Both Meta and Oracle are moving towards enhancing their intelligent data centers using NVIDIA’s Spectrum-X Ethernet switches. This technology is designed to meet the growing demands of large-scale AI systems. The companies are adopting Spectrum-X as part of an open networking framework aimed at improving AI training efficiency and accelerating deployment across massive computing clusters.

Transforming Data Centers into Massive AI Factories

Jensen Huang, founder and CEO of NVIDIA, highlighted that models with trillions of parameters are transforming data centers into “massive AI factories.” He added that Spectrum-X acts as a neural system connecting millions of GPUs to train the largest models ever built.

Oracle plans to use Ethernet Spectrum-X with the Vera Rubin architecture to build large-scale AI factories. Mahesh Thiagarajan, Oracle’s Executive Vice President of Cloud Infrastructure, confirmed that the new setup will enable the company to connect millions of GPUs more efficiently, helping clients train and deploy new AI models faster.

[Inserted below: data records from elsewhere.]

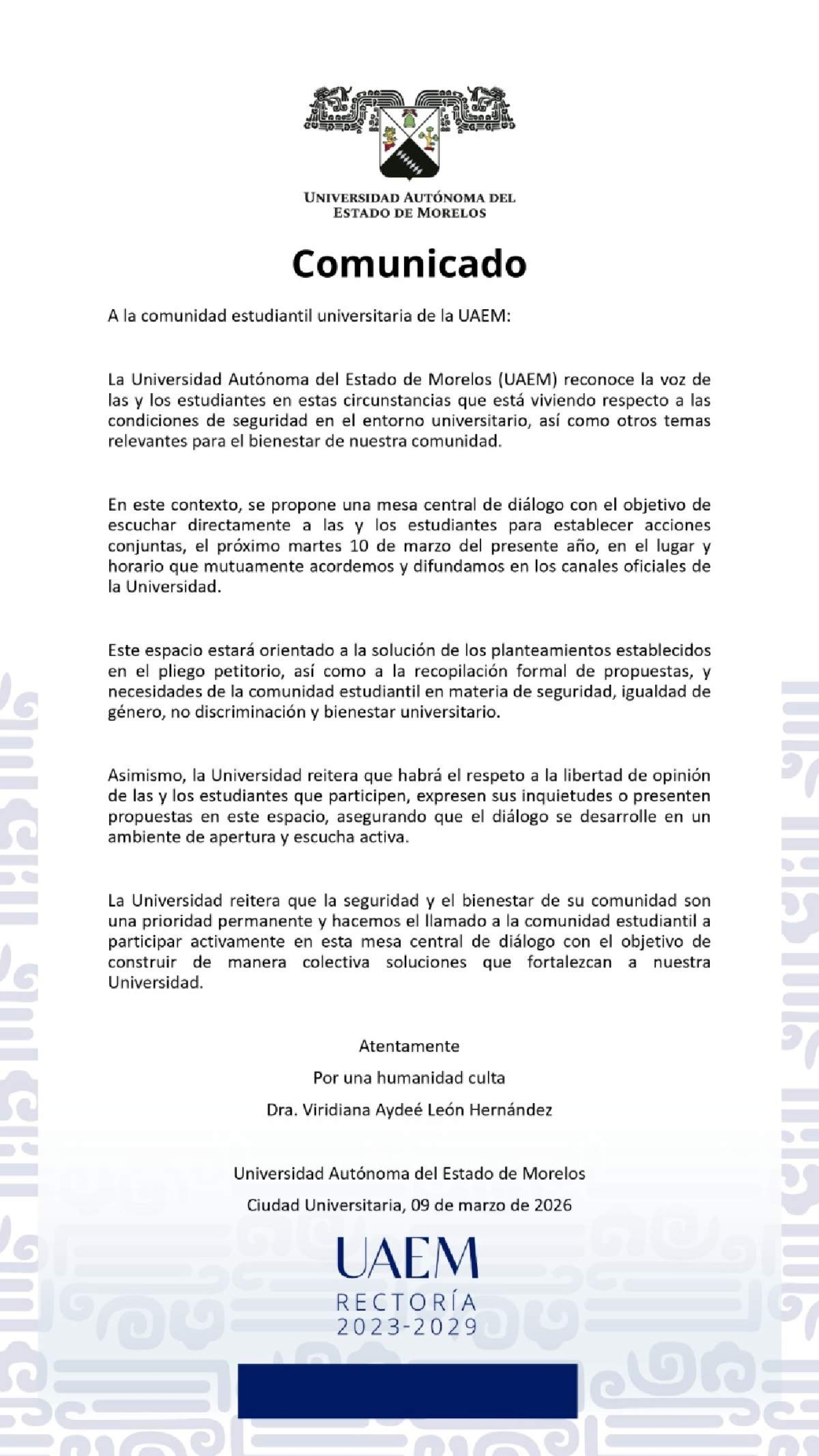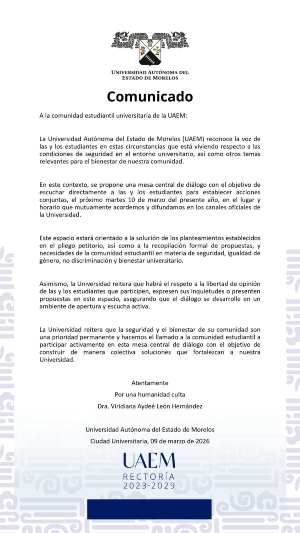 “Este documento será expuesto y entregado por sus representantes durante la mesa de trabajo del martes. Es importante destacar que estas conclusiones tendrán un carácter de propuesta oficial (no definitiva), ya que el objetivo es discutirlas e integrarlas en conjunto con los demás representantes para estructurar un plan de acción unificado que represente la voz y las demandas de la universidad”, indica el comunicado dirigido a la comunidad universitaria y firmado por la Resistencia Estudiantil UAEM.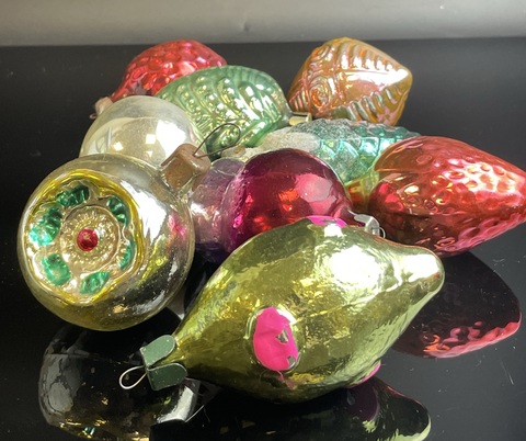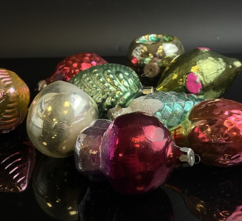 Ёлочные игрушки набор из 9 штук разных клубнички, грибок, шарики и др, стекло, подвесные, винтаж СССР 1960-1980 гг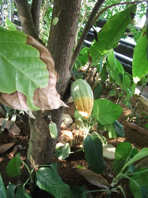 カカオの実だそうです。こんな風に幹から直でなるんですね~。びっくり。
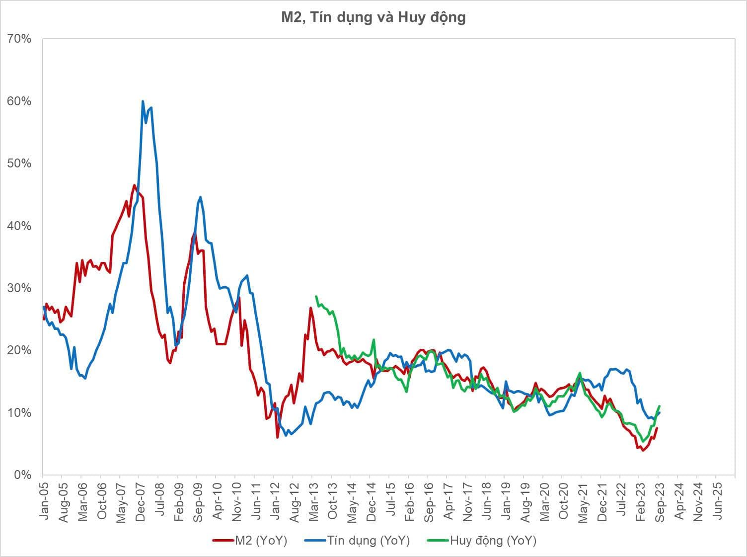 Nhìn biểu đồ này có thể thấy VN điều hành chính sách cung tiền - tín dụng ổn định và tốt hơn trước đây rất nhiều (trừ thời điểm cuối năm 2022), điều này góp phần giúp cho chúng ta ổn định kinh tế rất tốt với lạm phát chỉ khoảng 2-5% trong 10 năm qua.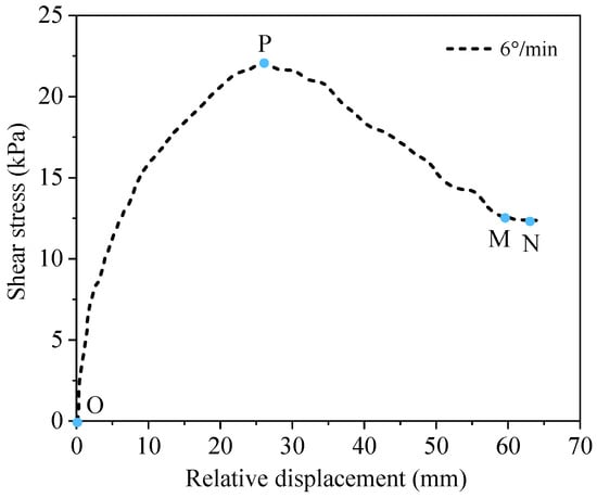 δ relationship for the interface between sand and a smooth steel surface. This curve can be characterized by three distinct phases: the elastic–plastic growth stage (OP), the plastic softening stage (PM), and the residual friction stage (MN).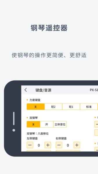 您能在APP上简单舒适地操作数据钢琴的各种设定。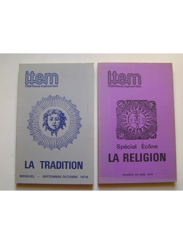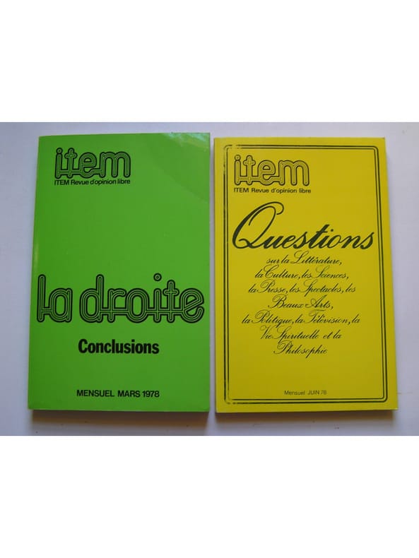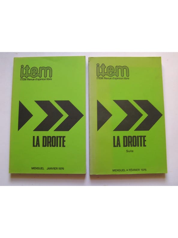 L'ensemble des 11 premiers numéros (numéroté de 01-02 à 14) de la revue (manque le n°7 numéro spécial sur les éléction municipales de 1977) auxquels nous ajoutons: le numéro de juin 1978 sur ˮQuestionsˮ. Sous la direction de Philippe Héduy, on y retrouve toutes les grandes plumes de la Droite nationale des années 70 sans exclusive. 01-La Droite; 02-La Droite (suite); 1-L'Ordre; 2-La Liberté; 3-La Patrie; 4-Témoignages sur le génocide du Cambodge; 5-La Tradition; 6-Spécial Ecône. La Religion; 8.9.10-L'Education. La Morale. La Famille; 11.12.13- Le Pouvoir. L'Armée. Le Travail; 14-La Droite. Conclusion. N° de juin 1978-Questions sur la littérature, la culture, les sciences...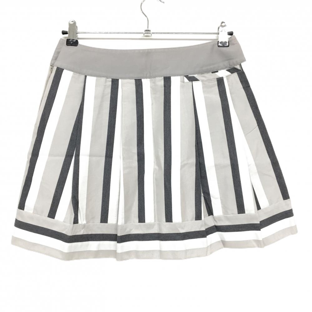 【超美品】23区スポーツ スカート ライトグレー×ダークグレー ストライプ 裾ボーダー レディース 64(M) ゴルフウェア 23区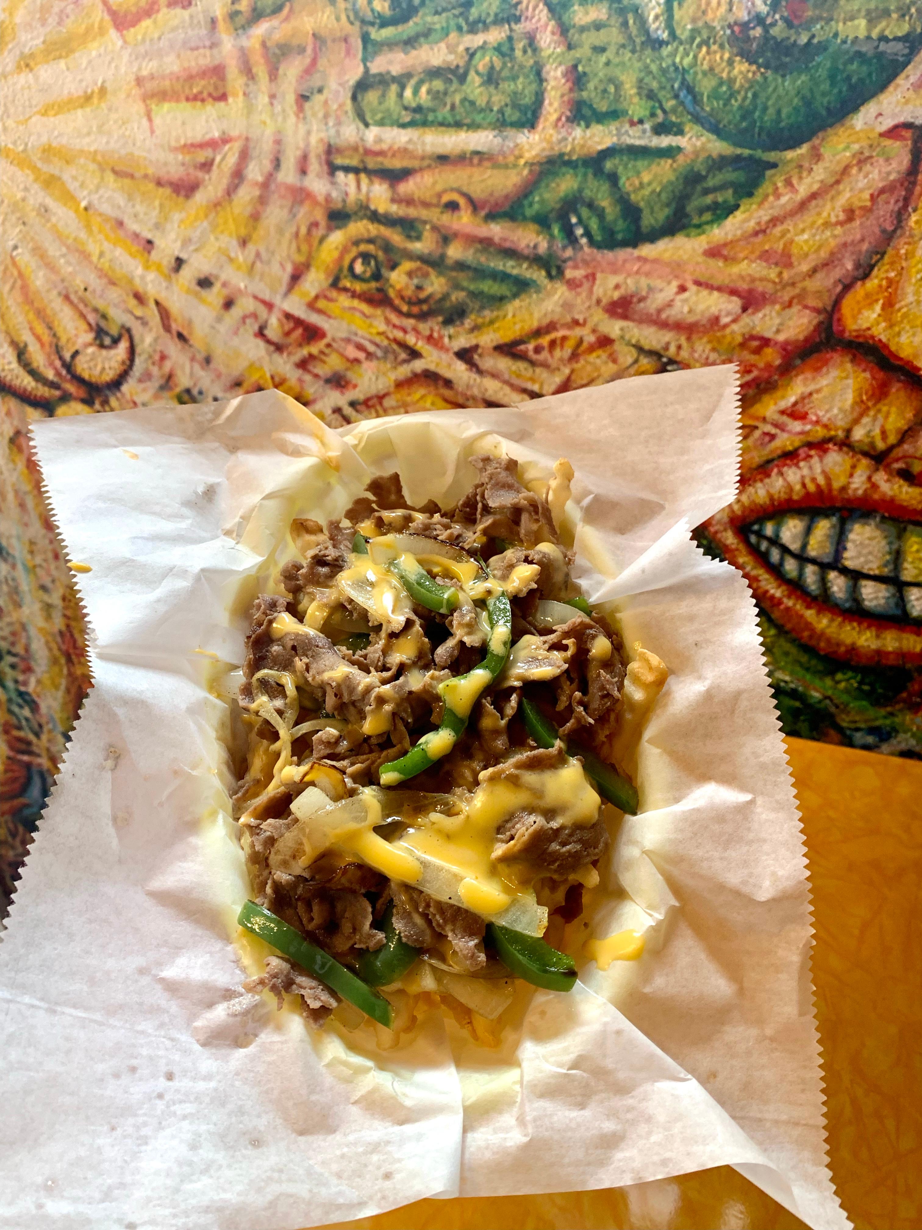 Crinkle cut fries topped with cheese sauce, Philly meat, grilled peppers and grilled onions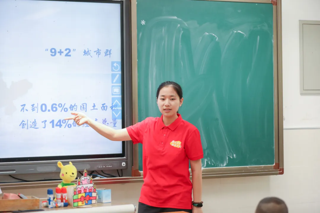 于小雪不仅介绍了粤港澳大湾区的地理、文化和经济优势,还通过具体的数据展示了这一区域的重要性和发展潜力。她提到,2023年粤港澳大湾区经济总量突破14万亿元人民币,以不到全国0.6%的国土面积,创造了全国约11.1%的经济总量,并与长江三角洲作为参考展开对比。她特别提到港珠澳大桥这一世界级的工程奇迹,120年、55公里、42万吨……一系列具体而震撼的数字展现了中国桥梁建设者们的智慧与实力。演讲最后,于小雪阐述了粤港澳大湾区将继续保持强劲的发展势头和创新能力,并呼吁小朋友们共同参与进来,为实现中华民族伟大复兴贡献力量。

Expanding AI Infrastructure at Meta

Meta is expanding its AI infrastructure by integrating Spectrum Ethernet switches into its open network switching system (FBOSS), its internal platform for managing network switches at scale. According to Jia Nagarajan, Meta’s Vice President of Network Engineering, the company’s next-generation network must be open and efficient to support larger intelligent models and serve billions of users.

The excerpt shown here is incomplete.